ASSIGNED TASK: Leave out the pictures and retype exactly the lines from the one with "and visibility otherwise." through the end of the records.

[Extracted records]
■ ■ ■ ■
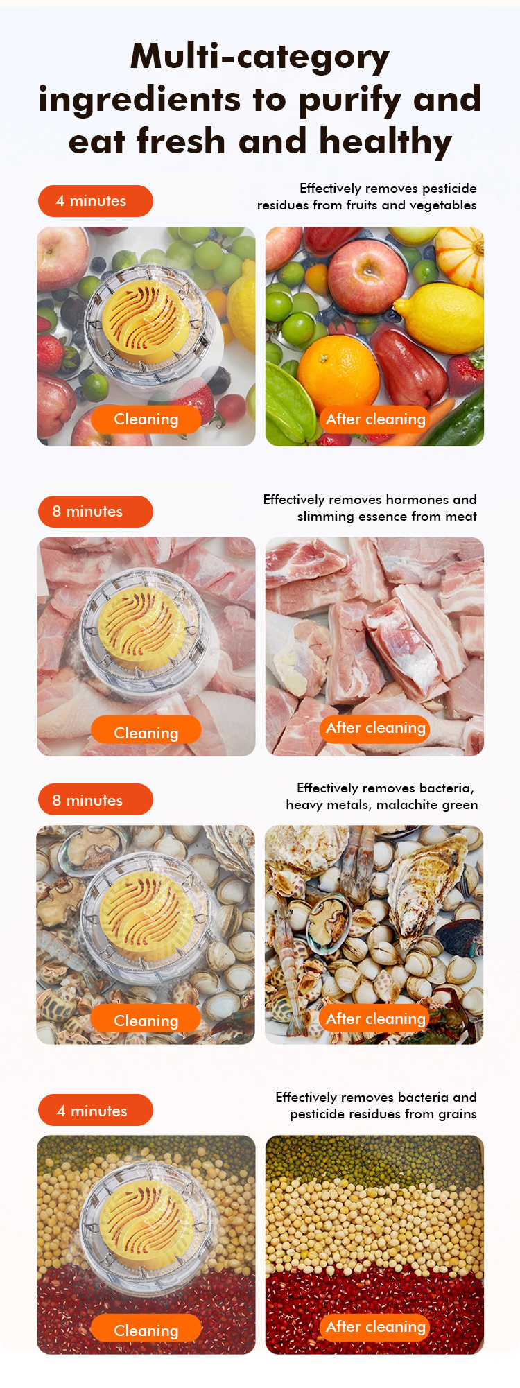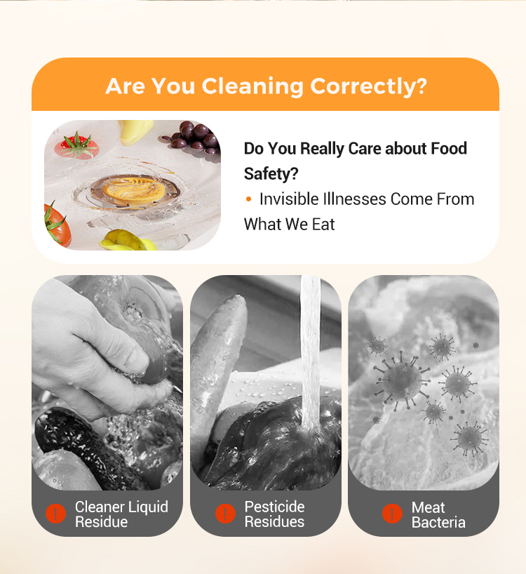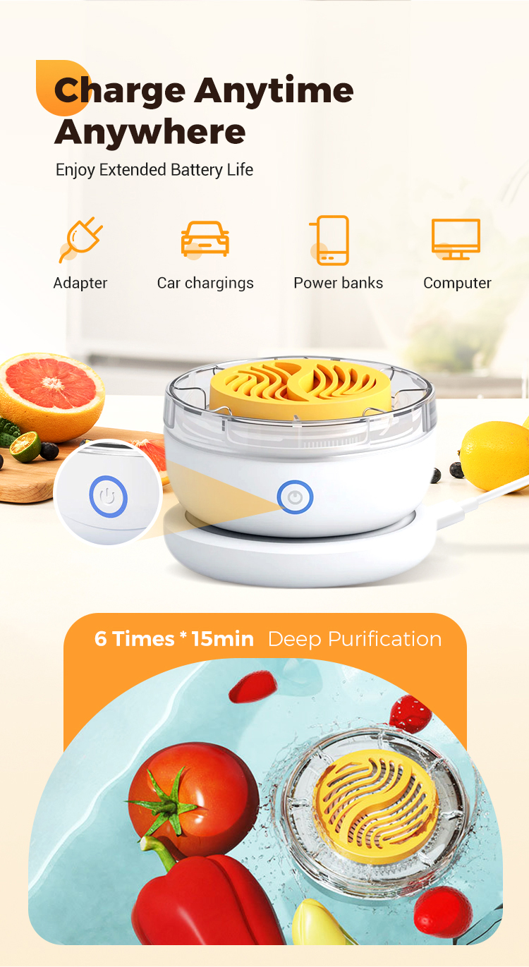 ✅Ultrasonic fruit and vegetable cleaning technology effectively removes pesticide residues and bacteria, ensuring food safety and giving you peace of mind. ✅One-button start, vortex cleaning, simple and convenient operation, saving time and effort.
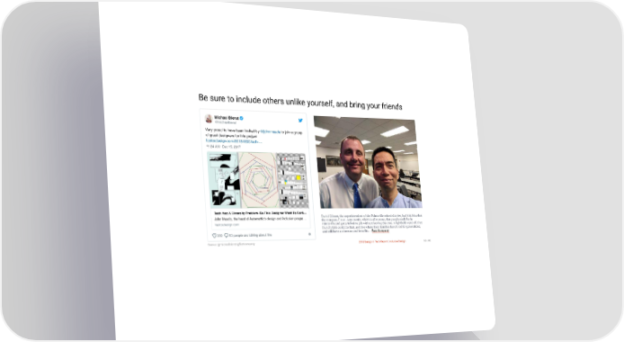 3/10/2018 2018 Design In Tech Report Be sure to include others unlike yourself, and bring your friends Michael Bierut @michaelbierut Very proud to have been invited by @johnmaeda to join a group of great designers for this project fastcodesign.com/90154530/tech-… 11:24 AM - Dec 15, 2017 Tech Has A Diversity Problem–So This Designer Went To Kent… David Gibson, the superintendent of the Paintsville school district, had this idea that John Maeda, the head of Automattic’s design and inclusion progra… the company I'm at, Automattic, which is all remote, that people could be in fastcodesign.com Paintsville and get a full-time job without leaving the area. A lightbulb went off, that David's kids could do that, and live where their families have lived for generations, 310 50 people are talking about this and still have an income and benefits. —Fast Company Source: @michaelbierut @fastcompany 2018 Design In Tech Report | Inclusive Design 86 / 90 http://jmmbp001.local:5757/?ckcachecontrol=1520689902#16 86/90
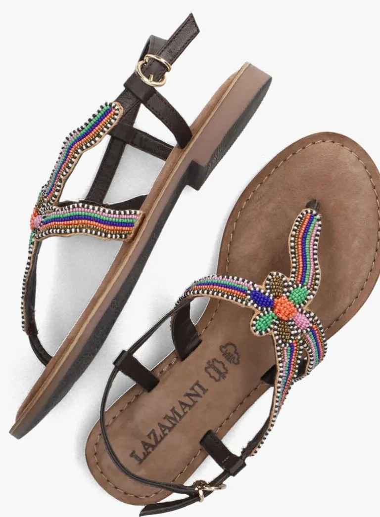 Met sandalen aan je voeten van het merk LAZAMANI ben je verzekerd van eentrendy look in combinatie met een hoog comfortabel gevoel. Alleitems uit de collectie van dit merk zijnvoorzien van een verrassende twist. Dat zie je ook zeker weer terug in deze kleurrijke sandaal 75.298. Het bovenwerk is gemaakt van leer en heeft een mooie decoratie van kleinekraaltjes in de kleuren wit, goud, zwart, oranje, blauw, roze, groen en brons. Het bandje om de enkel is voorzien van een gespsluiting waardoor je ‘m gemakkelijk aan- en uittrekt en de sandaal goed aan je voet blijft zitten. Het binnenwerk is leer gevoerd en de het voetbed met reliëf merkopdruk heeft een fijne suède afwerking met schuimvulling voor een heerlijk zacht en comfortabel gevoel. De rubberen zool is flexibel waardoor hij fijn meebuigt met de voet en is voorzien van een fijn maar gripvast profiel. Een heerlijke sandaal voor allezonnige dagen met een mooie decoratie voor die extra vrolijke touch onder al je outfits!
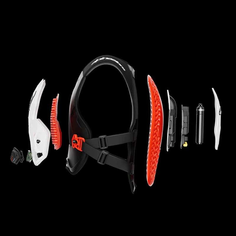 • We advise against wearing a neck brace with any TA system. when deployed, the system stabilizes the head and neck similarly to a brace, limiting flexion, extension, and helmet–collarbone contact, but only when needed, preserving normal movement and visibility otherwise.
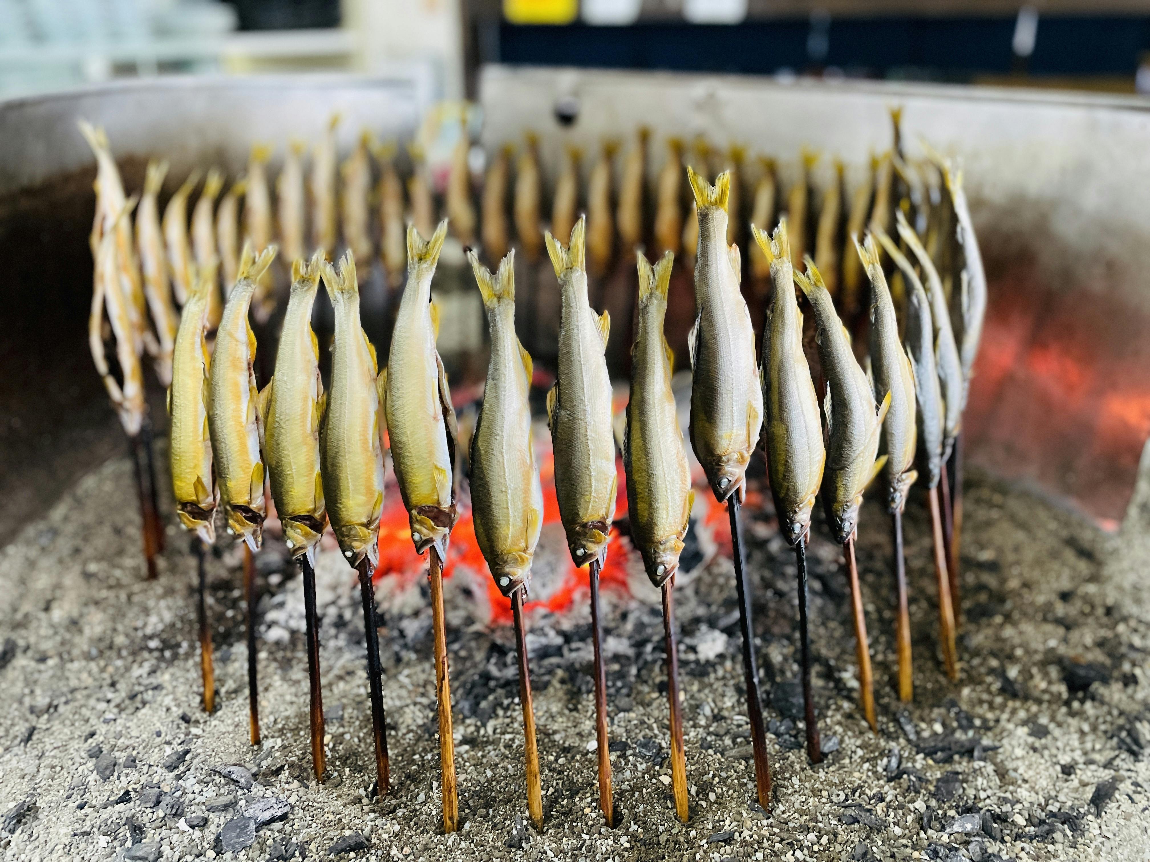 何度も研究を重ねるうち、鮎を焼き干す前に内臓を丁寧に取り除き、旨味であるぬめりを残して塩水で洗う一手間を加えることにしました。出汁に苦味が出ないようにする一工夫です。囲炉裏で鮎をまんべんなく炭火でじっくり焼くこと2時間。鮎を焦がさぬよう気をつけます。
■ ■ ■ ■
YOUR SOLUTION:
 • We advise against wearing a neck brace with any TA system. when deployed, the system stabilizes the head and neck similarly to a brace, limiting flexion, extension, and helmet–collarbone contact, but only when needed, preserving normal movement and visibility otherwise.
 何度も研究を重ねるうち、鮎を焼き干す前に内臓を丁寧に取り除き、旨味であるぬめりを残して塩水で洗う一手間を加えることにしました。出汁に苦味が出ないようにする一工夫です。囲炉裏で鮎をまんべんなく炭火でじっくり焼くこと2時間。鮎を焦がさぬよう気をつけます。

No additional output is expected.